Highlights from a groundbreaking study

Context and research strategy

It is now nearly a decade since Steven Monjeza and Tiwonge Chimbalanga, both legally recognised as male, were arrested for holding a traditional wedding ceremony which triggered a contentious public debate on whether people who do not conform to heterosexual norms are entitled to human rights in Malawi. The debate has been dominated by calls for unequivocal rejection of ‘homosexuality’, countered by a fewer and usually smaller voices calling for social inclusion and recognition of LGBTQI+ rights. Many of these calls appear to be deafer than would be optimal for significant change.

Four claims stand out in terms of rejection of LGBTQI+ rights. Firstly, it is claimed that homosexuality does not exist in Africa, and so, logically, nor in Malawi. Where it does exist, it is implicated as occidental moral corruption. Secondly, it is claimed that sexual or gender non-conformity is an abomination to religious and cultural values that must never be tolerated. Thirdly, it is claimed that ‘homosexuality’ is criminal and not deserving of human rights protection. Fourthly, that those at the forefront in rejecting these claims are deriving the mandate of the people.

And so…the issue remains unresolved.

But neither has the government offered a solution. Curiously, it has been contradictory several times. For example, in 2012 President Joyce Banda expressed in her inaugural state of the nation address her intention to repeal anti-gay laws in the penal code, but soon-after retracted her position following backlash from political and religious leaders. She, instead, proposed a moratorium on the arrest of LGBTQI+ people. In 2015, incumbent President Peter Mutharika proposed a "yes or no" referendum on ‘whether to legalise homosexuality’, but soon-after retracted the position. In 2017, government instructed the Malawi Human Rights Commission to conduct a national public inquiry to seek peoples’ views about homosexuality to guide the government on whether to decriminalise anti-gay laws or not, but the plans were shelved following widespread concerns about the process.

It is against this that we conducted a nationally representative survey to find out what people in all districts of Malawi think about the issues around homosexuality and the LGBTQI+ community. This culminated in a report entitled Under Wraps: A survey of public attitudes to homosexuality and gender non-conformity in Malawi (click here for the free report), which was launched in Lilongwe on 21 November 2019. The report offers some obvious but also surprising findings.

We were conscious of the fact that the impasse does not only arise from different opinions, but also from varied understandings of the issues and questions being contested. For example, what is the homosexuality that people reject? Is it being lesbian, transgender, gay man, intersex or bisexual? What are the human rights that people reject? Is it the protection of LGBTQI+ people from violence, or the imaginary right to engage in homosexual sex?

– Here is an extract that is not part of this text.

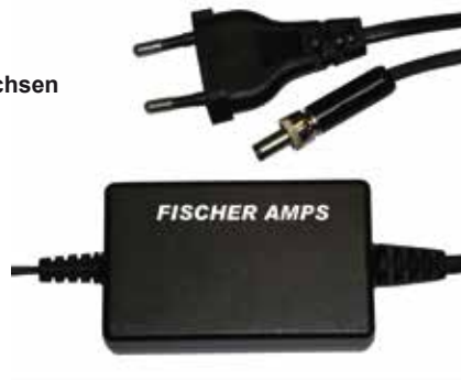
ext. DC-Netzteil optional erhältlich DC mains adapter (optional)

Based on my article entitled Chilungamo and the question of LGBTQ+ Rights in Malawi, we drew from local terminologies of Chilungamo and uMunthu which connote principles of justice and humanity. In our view, this was a way to pre-empt misrepresentation of what human rights protection based on sexual orientation and gender identity entails. We also used locally appropriate descriptions of being lesbian, gay, transgender, queer or intersex to avoid derogative terminology that deliberately incite disgust or biased repudiation.

The findings in perspective

Under Wraps Study (2019)

Our survey engaged people across Malawi who we deemed would give representative views that Malawians hold on these issues. We found that 3.5% of Malawians do not conform to dominant gender and sexual norms. To put into perspective based on the latest national population census, there are more LGBTQI+ persons in Malawi than the populations of Likoma (0.1%)Mwanza (0.7%), Neno (0.8%), Mzuzu City (1%) and Zomba city (0.7%) combined.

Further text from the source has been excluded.